If you knew anything about FSI etc you would know the vast majority of Chinese FSI is routed via tax havens
The data does not reflect that because the data is deliberately distorted
If you opened your eyes to real world you would realise what nonsense you write
And that you just waste my time
Expect to be deleted
If Chinese FSI is routed through tax havens why do few tax havens appear in the Pink Book data, and the ones that do show little in terms of flows?
Of course, the CNY (renminbi) is not a freely convertable currency. Currently the only places you can convert it are China, a few places in Asia and London. So most flows coming into the UK are converted in the UK, making the data the ONS get pretty reliable.
Bt of course, it suits your argument to claim (and it is just a claim, no fact) that Chinese flows are being routed through tax havens (because you don’t like them) and that the ONS is falsifying data.
I think I’ll trust them, not you, thanks all the same.

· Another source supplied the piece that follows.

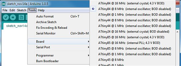 Programming the ATtiny84The ATtiny84 is programmed using the Arduino environment with either an Arduino Uno or a dedicated programmer.It's necessary to define the ATtiny84 core so the Arduino IDE knows about its pins. Be aware there are a couple of different libraries for the ATtiny84 that treat the ATting84's internal registers differently. The library I used is arduino-tiny. The 'README' included in the downloaded zip package contains full instructions for installing it into the Arduino IDE. There are dozens of websites detailing how to use the Arduino Uno as a programmer - particularly for the ATtiny84 - so I won't repeat them in detail here. In brief, the steps are:

Look at World Bank and IMF data
vastly more reliable on this issue
Sorry – but you are just wrong on this
All predictable-more use of Greece as a whipping boy: ” if you don’t behave and swallow austerity while WE enrich ourselves you’ll end up there”. All foul, intellectually dishonest garbage-but what else would you expect from this crass bunch of low-lifers and card sharps?
Not sure I get the point here: UK has CA deficit financed by capital flows, some of which are Chinese; current Chinese trouble will reduce these flows i.e. will reduce the savings of foreigners into UK market which reduces the need for another actor in this market (the UK gov) to be a borrower i.e. Chinese troubles should help Osborne here. The mechanism for this would be that the lack of inflows to finance CA deficit will cause sterling to fall. Absent any other changes (i.e. monetary policy response) this should be expansionary for UK economy, boosting tax income and reducing deficit.
The alternative is that UK interest rates rise to attract alternative international capital flow, which leaves deficit unchanged.
I am sorry but you clearly do not know macroeconomic accounting and so your analysis is wrong
Please go and read some
I have explianed it on this blog often
Great Great Grandad found that supplying China with opium balanced the trade nicely and to UK profit. But perhaps not these days. Indeed we have nothing to supply them with at all.